Natália Vieira, Pernambuco

Depois de uma busca desenfreada por símbolos de modernidade, parece ocorrer uma espécie de pânico pela falta de memória das cidades. Além disso, não se pode ignorar a presença marcante da Indústria Turística, hoje celebrada como a grande solução para os nossos problemas econômicos.
Cidades inteiras vêm se transformando com o objetivo de atrair turistas, levando a uma sensação de estranhamento dos antigos moradores ao transformar tudo em espetáculo. O turista passa a ser um espectador passivo, quase sempre tratado como mero consumidor. Os pacotes turísticos são uma evidência disto ao controlar e delimitar todas as ações do turista, que acaba não percebendo a identidade do lugar.
Assim, na competitividade entre cidades característica do mundo globalizado, a História passa a ser mercadoria de alto valor, procurada por ávidos consumidores de "cultura". A conseqüência disto nem sempre é a preservação da memória, mas a criação de locais pretensamente históricos como revitalizações que transformam centros históricos em "shoppings a céu aberto", ou seja, parques temáticos que fazem de nossas cidades verdadeiras Disneylândias.
O marketing realizado pelos estados e municípios utiliza-se de ferramentas como a estética urbana e a identidade cultural local para auxiliar na venda do seu produto: a cidade. Vendendo ao país inteiro através da mídia a idéia do "progresso" e "modernidade", os governantes conseguem aumentar sua popularidade e obtêm importantes dividendos políticos, sem atacar de frente as mais urgentes questões sociais. A maquiagem parece funcionar melhor.
É preciso, então, buscar uma efetiva preservação da memória, não se permitindo a transformação de lugares da cidade em "não-lugares" que poderiam estar em qualquer parte do mundo.
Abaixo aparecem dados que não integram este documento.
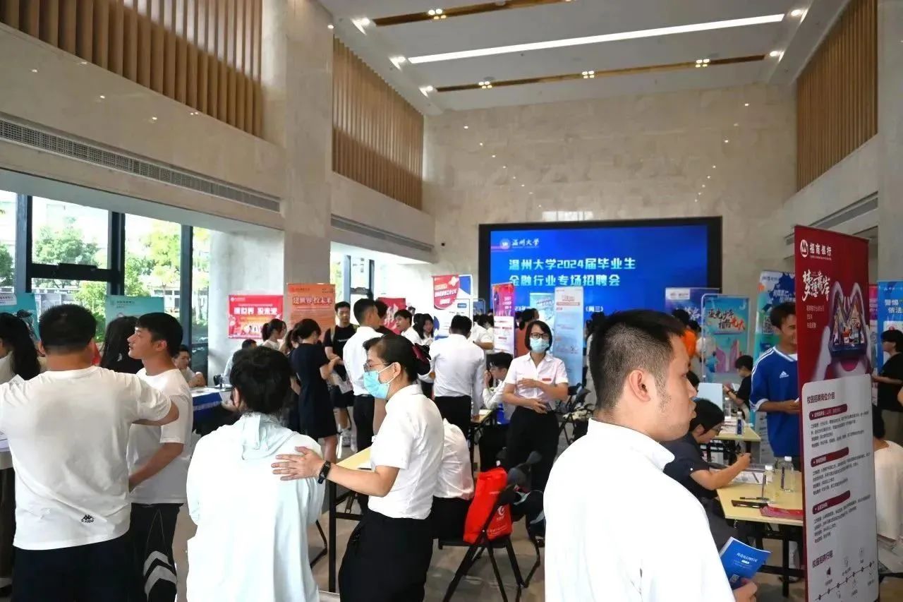 为了更好地满足2024届毕业生和金融行业用人单位秋季招聘需求,搭建有效的洽谈平台,拓宽员工求职就业的渠道,9月20日下午,“金彩人生 职等你来”金融行业专场招聘会于9428cn太阳集团古天乐南校区科技综合大楼顺利举办。在温州市人民政府金融工作办公室的大力支持下,本次招聘会云集了国有六大银行,申万宏源、上海证券、中信证券、中国人寿、泰康人寿等金融行业53家头部企业参会,提供了1700多个高质量的就业及实习岗位,堪称一场含“金”量超高的招聘会。本次招聘会由温州市人民政府金融工作办公室、9428cn太阳集团古天乐联合主办,校招生与就业处、商学院、9428cn太阳集团古天乐、外国语学院共同承办。

O que caracteriza um lugar são suas bases regionais, sua população e a relação com o restante da cidade A dificuldade está em conseguir a real preservação dentro deste contexto.
Experiências como a revitalização do Bairro do Recife demonstram grandes avanços. Infelizmente, exemplos como a recuperação do Pelourinho vêm tendo muito mais espaço na mídia, que o apresenta como modelo a ser seguido. O que se observa é um bem sucedido marketing político, pois os comentários constantemente publicados sobre o Pelourinho são, em sua maioria, superficiais e carentes de postura crítica. Não se comenta, por exemplo, sobre a expulsão "disfarçada" da população local a custos baixíssimos. Estudos acadêmicos também já provaram que o alardeado "sucesso turístico extraordinário" é muito mais folclore do que realidade.
O caso do Bairro do Recife demonstra uma nova postura frente à história sem negar a necessidade de dar valor de mercado ao espaço. No Bairro do Recife, o processo é lento e gradual, possuindo maiores condições de sustentabilidade. Ao lado dos 2,7 milhões de reais investidos pela prefeitura, a iniciativa privada investiu 2,8 milhões, entre 1994 e 1996, demonstrando uma forte parceria. À medida que diversos atores se envolvem no processo, ninguém tem interesse que o projeto dê para trás.
No Pelourinho o processo é unilateral e até hoje mantido às custas dos cofres do Estado, que financia inclusive a programação de shows nos diversos palcos armados. Já que tudo que acontece lá é conseqüência de um investimento alto e permanente do Estado, a situação é artificial e será mantida enquanto o Estado puder financiá-la.
Atualmente, o Bairro do Recife é um dos lugares da cidade mais freqüentados à noite. É certo que faltam atividades que lhe dêem mais vida durante o dia, apesar de já existirem escritórios, bancos, livraria, cursos... Para não se tornar uma obra de fachada, como parece ser o caso do Pelourinho, o projeto do Bairro do Recife deve se concentrar em problemas substanciais como o estímulo ao uso residencial e o tratamento do pólo Pilar, área de maiores problemas sociais do Bairro e que, exatamente por isso, deve ser priorizada. Sendo assim, a revitalização do Bairro do Recife encontra-se em um ponto crucial, a partir do qual pode tanto confirmar sua opção pelo bem-estar da cidade quanto render-se às forças do mercado, continuando a investir apenas nas áreas de retorno imediato.
É inegável que os espaços necessitam de valor de uso para que sejam conservados, mas estes usos e esta vida não podem ser artificiais. Muitos estudos críticos alertam para a falta de vida de verdade da nossa sociedade, mas grande parte da população é seduzida por este processo de construção de cenários sem perceber a superficialidade disso tudo. Entre teoria e prática também existe uma longa distância; mesmo depois de perceber essa artificialidade, quem está disposto a se arriscar na vida de verdade, a não ser quem não tem a opção de participar da vida artificial?
Natália Miranda Vieira - arquiteta formada pela UFPE, atualmente matriculada no Mestrado em Arquitetura e Urbanismo da UFBA, estando em fase de elaboração da dissertação de mestrado intitulada "O lugar da história e da memória na cidade contemporânea - estudo de caso comparado: revitalização do Bairro do Recife x revitalização do Pelourinho"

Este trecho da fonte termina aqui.